A scalar processor has to decode only a single instruction in each cycle as shown in the figure. In addition, a pipelined processor has to check for dependencies to decide whether this instruction can be issued or not. In comparison, a superscalar processor has to perform a much more complex task.
As shown in the figure, it has to decode multiple instructions, say four, in a single clock cycle. It also needs to check for dependencies from two perspectives: First, whether the instructions to be issued are dependent on the instructions currently in execution. Second, whether there are dependencies among the instructions which are candidates for the next issues.
Since a superscalar processor has more EUs than a scalar one, the number of execution instructions is far higher than in the scalar case. This means that more comparisons have to be performed in the course of dependency checks. The decode-issue path of the superscalar processor is a much more critical issue in achieving a high clock frequency than that of scalar processors.
Superscalar processors tend to use two, even three, or more pipeline cycles for decoding and issuing instructions. For instance, the PowerPC 601, PowerPC 604, and UltraSparc need 2 cycles, while the α 21064 requires 3 cycles and the PentiumPro even needs 4.5 cycles. One way to cope with this problem is through pre-decoding.

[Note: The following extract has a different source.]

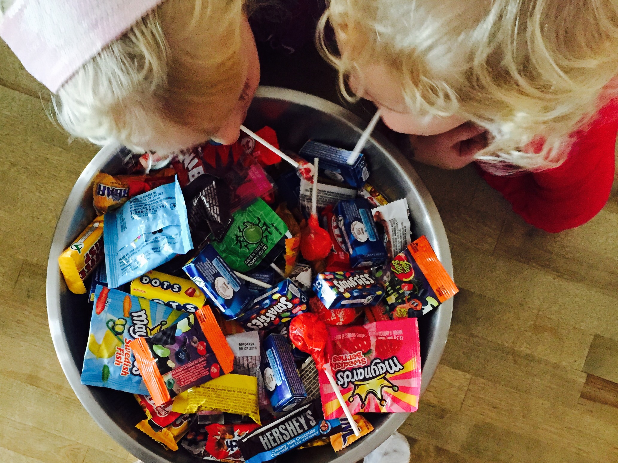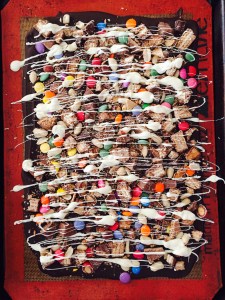 - About 20 packages Halloween candy – the chocolate ones work best (bars, M&Ms, Smarties), roughly chopped up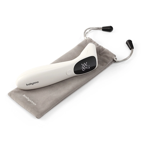 Termometrul fără contact BABYONO, rapid și precis, pentru măsurare de pe frunte și din ureche, oferă rezultatul în 1 secundă. Datorită alarmei silențioase prin vibrații și luminii LED, puteți verifica temperatura chiar și în timpul somnului copilului. Ecranul LED clar, memoria pentru 32 de măsurători și opțiunea °C/°F îl fac un ajutor de încredere pentru întreaga familie.

Predecoding shifts a part of the decoding task up into the loading phase of the on-chip instruction cache (I-cache) as shown in the figure.
Here, while the I-cache is being loaded, a dedicated unit is called the predecoded unit. It executes partial decoding and joins several decode bits to each instruction. In the case of RISC processors, for example, 4-7 bits are usually attached which indicate −
the instruction class
the type of resources that are required for the execution and
in some processors even the fact that branch target address has already been calculated during pre-decoding like in the Hal PM1 or the UltraSparc.
The number of the pre-decoded unit are shown in the table.
Number of pre-decode bits used
|Type/year of first volume shipment||Number of pre-decode bits appended to each instruction|
|PA 7200 (1995)||5|
|PA 8000 (1996)||5|
|PowerPC 620 (1996)||7|
|HAL PM1 (1995)||4|
|AMD K5 (1995)||5|
For a CISC processor such as the AMD, K5 pre-decoding can determine where an instruction starts or ends, where the opcodes and prefixes are, and so on. This requires quite a large number of extra bits. The K5 adds five extra bits to each byte. Thus, in this case, more than 70% additional storage space is needed in the instruction cache.
Predecoding is used either to shorten the overall cycle time or to reduce the number of cycles needed for decoding and instruction issues. For instance, pre-decoding the PowerPC 620, R10000, and Hal’s PM1 require only a single cycle for decoding and issue.